In this layer, there are 16 filters; the size of each filter is 3X3Xnum_channel; what is num_channel? well, the number of channels in a filter must match the number of channels in input volume, so here num_channel is equal to 3. The stride value for filters is 1, padding value is 1.

Let’s see how darknet calculate the output size of convolutional_layer by the input size(l.h) and filter params (l.size, l.pad, l.stride). There is a formula that shows how size of input volume relates to the one of output volume

As for yolo3-tiny.cfg, for this first convolutional_layer, its input size is 416 x 416 and channel is 3. So its ouput height is (416+2x1 - 3)/1 + 1 = 416, its output width is 416 too. What about its output channel? It equals to the number of filters (16).

So its output volume size is 416 X 416 X 16.

For a beginner, I strongly recommend these courses: Strided Convolutions - Foundations of Convolutional Neural Networks | Coursera and One Layer of a Convolutional Network - Foundations of Convolutional Neural Networks | Coursera

Now, we have 16 filters that are 3X3X3 in this layer, how many parameters does this layer have? Each filter is a 3X3X3 volume, so it’s 27 numbers tp be learned, and then plus the bias, so that was the b parameters. it’s 28 parameters. There are 16 filters so that would be 448 parameters to be learned in this layer.

#### Activation

In this convolution layer, it choose leaky ReLU as activation function. The function is defined as follow where α is a small constant.

$$f(x)=\begin{cases} αx,\quad x\leq 0 \\ x,\quad x>0 \end{cases}$$

Still, I recommend this course for a beginner. Activation functions - Shallow neural networks | Coursera

There are forward_activation_layer and backward_activation_layer in Darknet. Both of them handle batch inputs.

For forward activation layer, leaky_activate is to computes f(x)

For backward activation layer, leaky_gradient returns the slop of the function

#### [maxpool]

Maxpool layer is used to reduce the size of representation to speed up computation as well as to make some of the features it detects a bit more robust.

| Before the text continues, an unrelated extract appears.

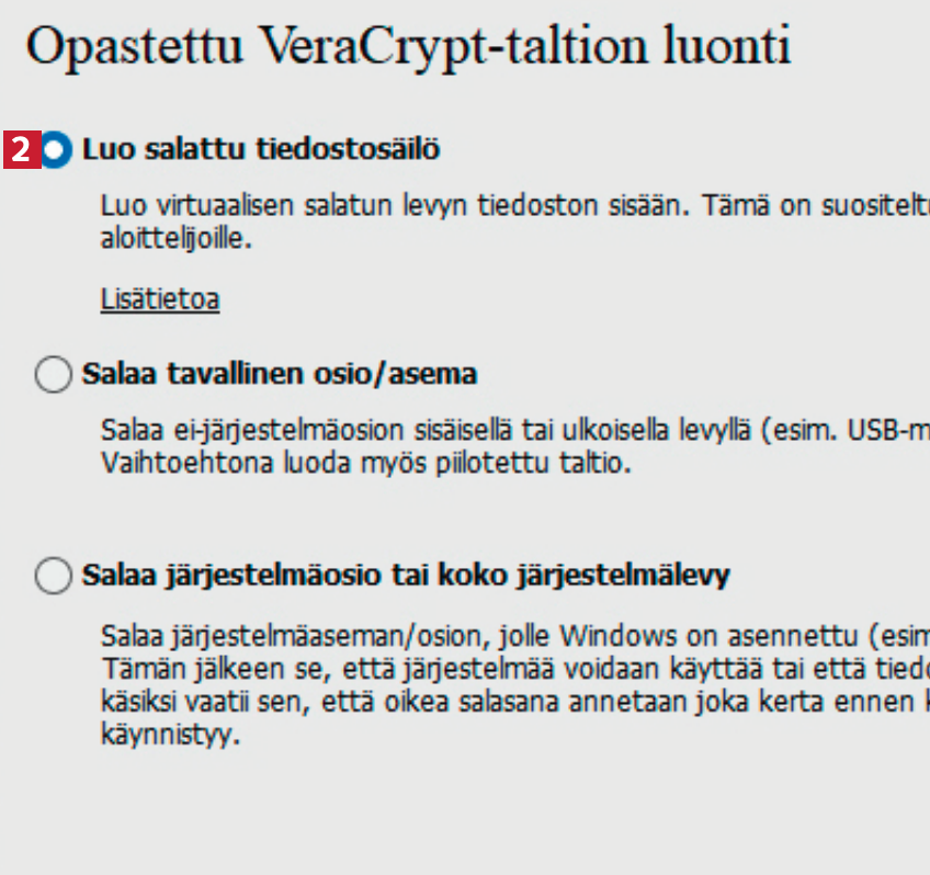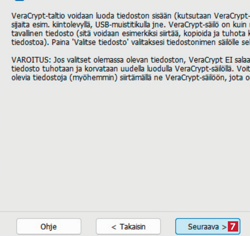 Valitse Luo salattu tiedostosäilö 2 niin, että siihen lisätään merkintä. Valitse sitten ikkunan oikeasta alakulmasta Seuraava.

Look at the tiny-yolo3.cfg

This [maxpool] sections comes after the [convolutional] section. Its input size(416 x 416 x 16) equal to the output size of the former layer (416 x 416 x 16). The filter size is 2 x 2, stride is 2. Each time, the filter would move 2 steps, for a 4x4x1 input volume, its output is 2x2x1 volume.

So in this layer, its ouput width equals to (int)((416+ 1 - 2)/2 + 1), 208. And the number of its output channels equals to the number of input channels. Now, we know its output volume size is 208 X 208 X 16. There is no parameter to be learned.

input volume size:

$$n_H . n_W . n_c$$

$n_c$ : the number of channels

output volume size:

$$(\frac{n_H + padding-f}{stride} + 1) . (\frac{n_W + padding-f}{stride} +1) . n_c$$

$f$: the width or height of a filter

#### Why does 1 x 1 convolution do?

For example, in this picture, the number of input volume channels ,192, has gotten too big, we can shrink it to a 28x28x32 dimension volume using 32 filters that are 1x1x192. So this is a way to shrink the number of channels .

In YOLO, it implements fully connected layer by two convolutional layer.

Tags: YOLO